Тарантас. Путевые впечатления - Виссарион Белинский
Шрифт:
Интервал:
Закладка:
Как нарочно, при входе в избу, на следующей станции, Иван Васильевич встретил – чиновника. Это был исправляющий должность исправника, выехавший навстречу губернатору. Василий Иванович пригласил его с собою напиться чаю и спросил, давно ли он служит. – С восемьсот четвертого. «А почему вы служите по выборам?» – лукаво спросил его Иван Васильевич. Чиновник объяснил свое житье-бытье очень просто, без риторики – и Ивану Васильевичу от чего-то стало грустно… Народность опять увернулась у него из-под рук. Отдернув занавес стоявшей в стороне кровати, он увидел на ней больного старика с детьми, и первое чувство этого европейца, который так гнушается развратным просвещением Запада, этого либерала, который так любит толковать об отношениях мужика к барину, – первое движение его было – обидеться, что простой станционный смотритель осмелился не встать перед ним, европейцем и либералом 12-го класса!.. Оказалось, что старик давно лишился ног и, по милости начальства, должность за него правит его сын, мальчик лет одиннадцати. Ивану Васильевичи опять стало грустно, и его гнев на чиновников утих.
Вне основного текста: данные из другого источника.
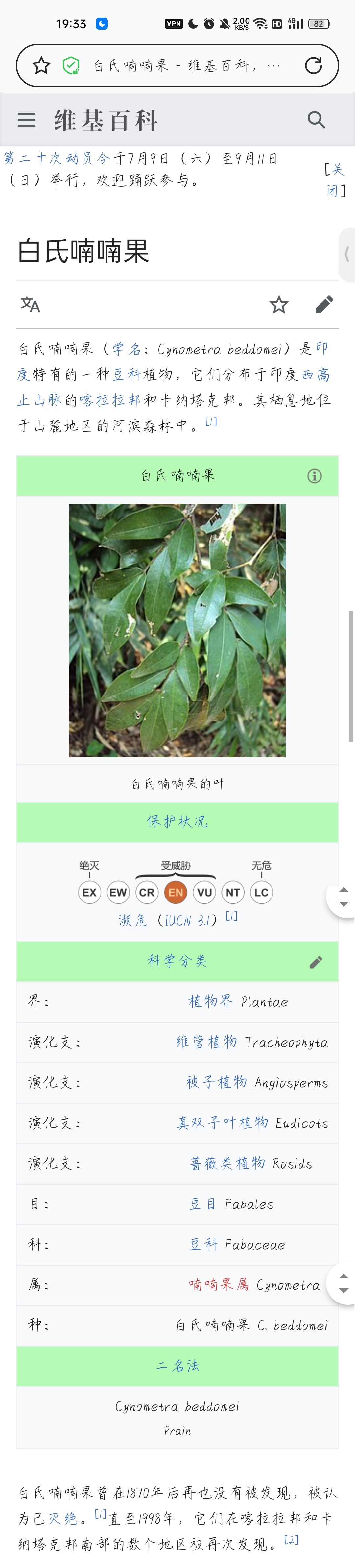 白氏喃喃果,濒危Endangered(EN)。喃喃的资料暂时还没有更新哦⊙∀⊙!所以虽然又重新发现了,但在名录上还是灭绝状态。(由于在印度,所以我国没得什么它的资料)然后也只有北城百科里面找到了相关资料(来自维基百科),我最近也找不到北城百科了,维基貌似要,用梯子,然后2022年6月,我请群友去查了一下,还是一样没变的。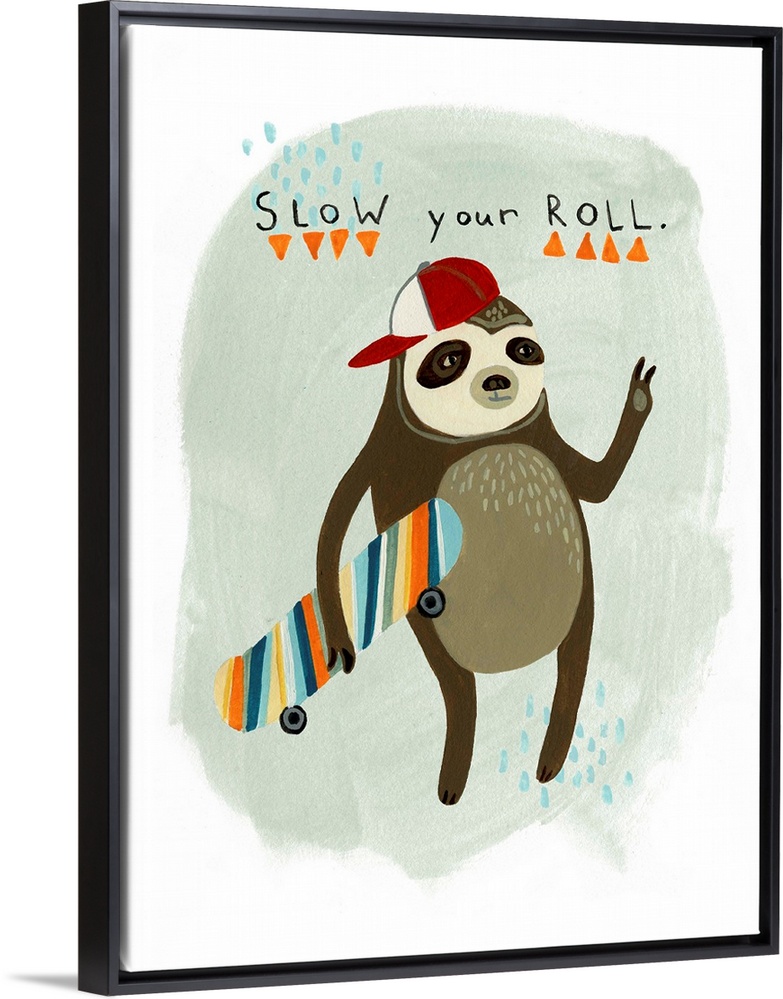 <p>Fun children's artwork of a hipster sloth with a skateboard and backwards cap.</p>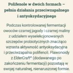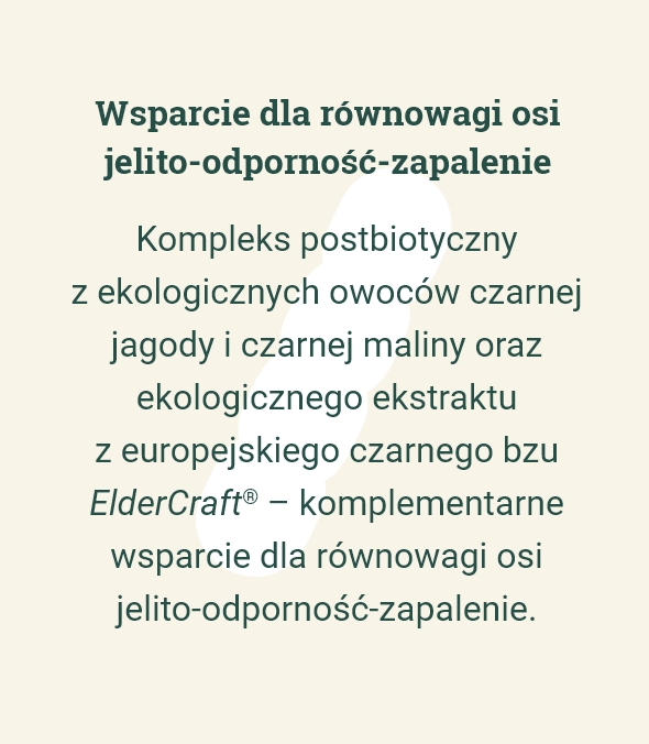 Zaawansowany proces fermentacji owoców czarnej jagody i czarnej maliny z ekstraktem ElderCraft®. Formuła zaprojektowana z myślą o osi jelito–odporność–zapalenie.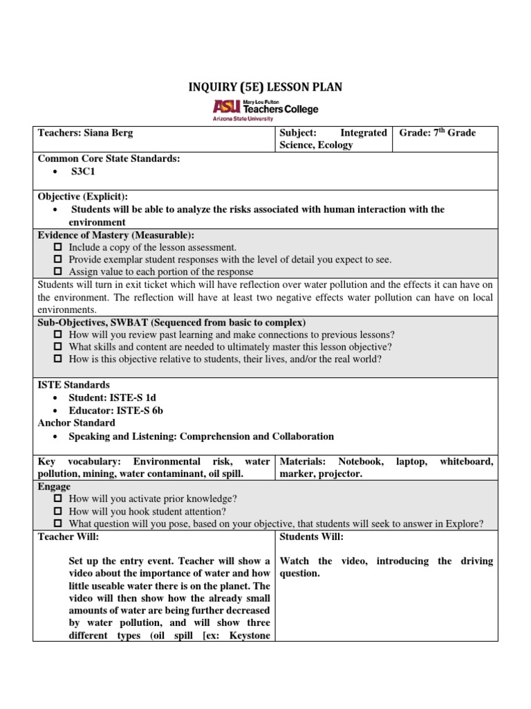 Inquiry 5e Lesson Plan Template PDF Question Teachers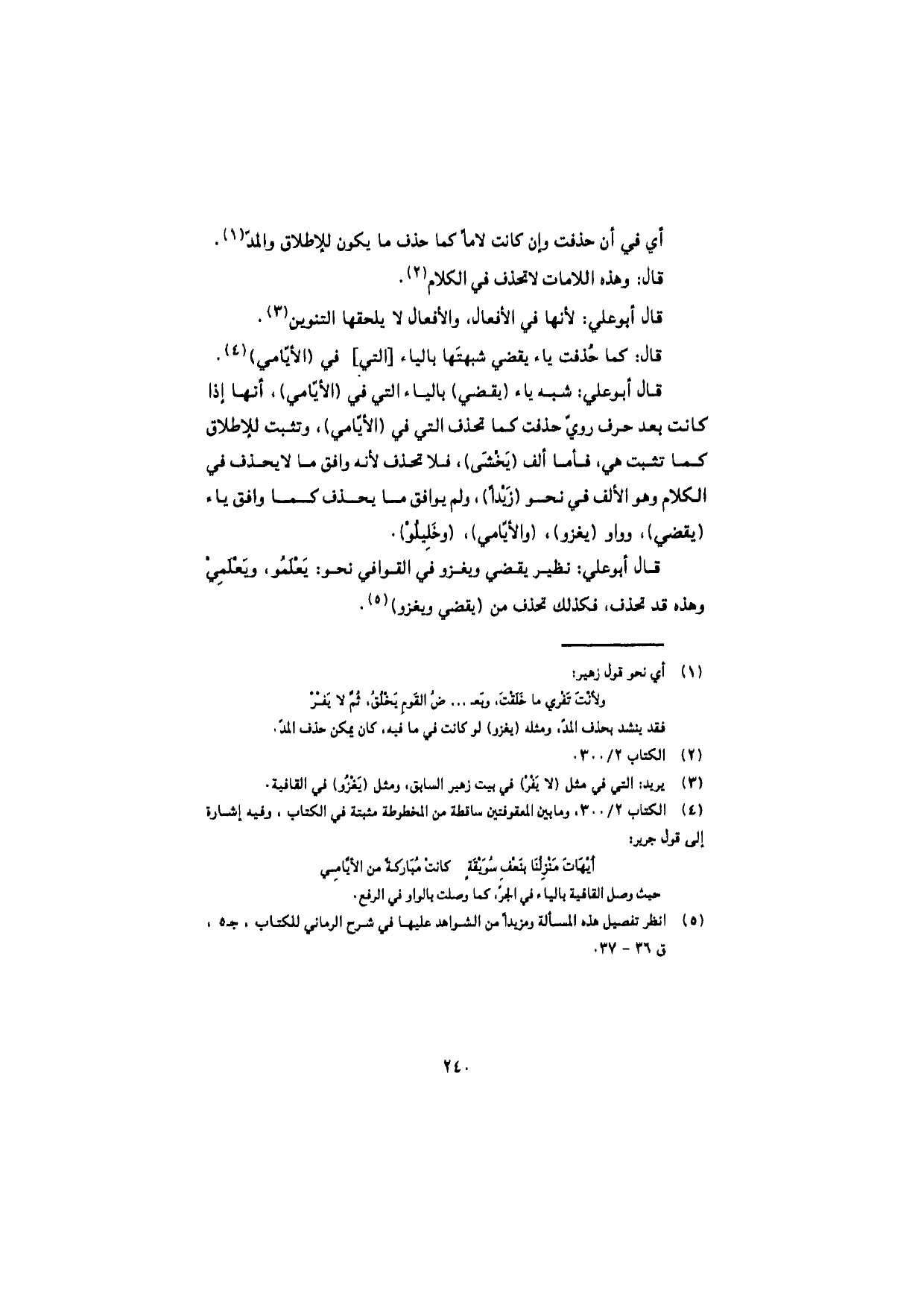 قال أبو علي: نظير يقضي ويغزو في القوافي نحو: يَعْلَمُو، ويَعْلَمِي وهذه قد تحذف، فكذلك تحذف من (يقضي ويغزو).

Въехав в Казань, Иван Васильевич словно помешался: такую дичь понес о Западе и Востоке, притиснувших между собою бедное славянское начало, что у нас решительно нет силы и смелости остановиться на этой декламации, в которой на каждом слове ум за разум заходит. За нее Восток, в лице татар, надул Ивана Васильевича: продал ему за большие деньги разной дряни, которую опытный Василий Иванович не хотел оценить и в 15 рублей ассигнациями.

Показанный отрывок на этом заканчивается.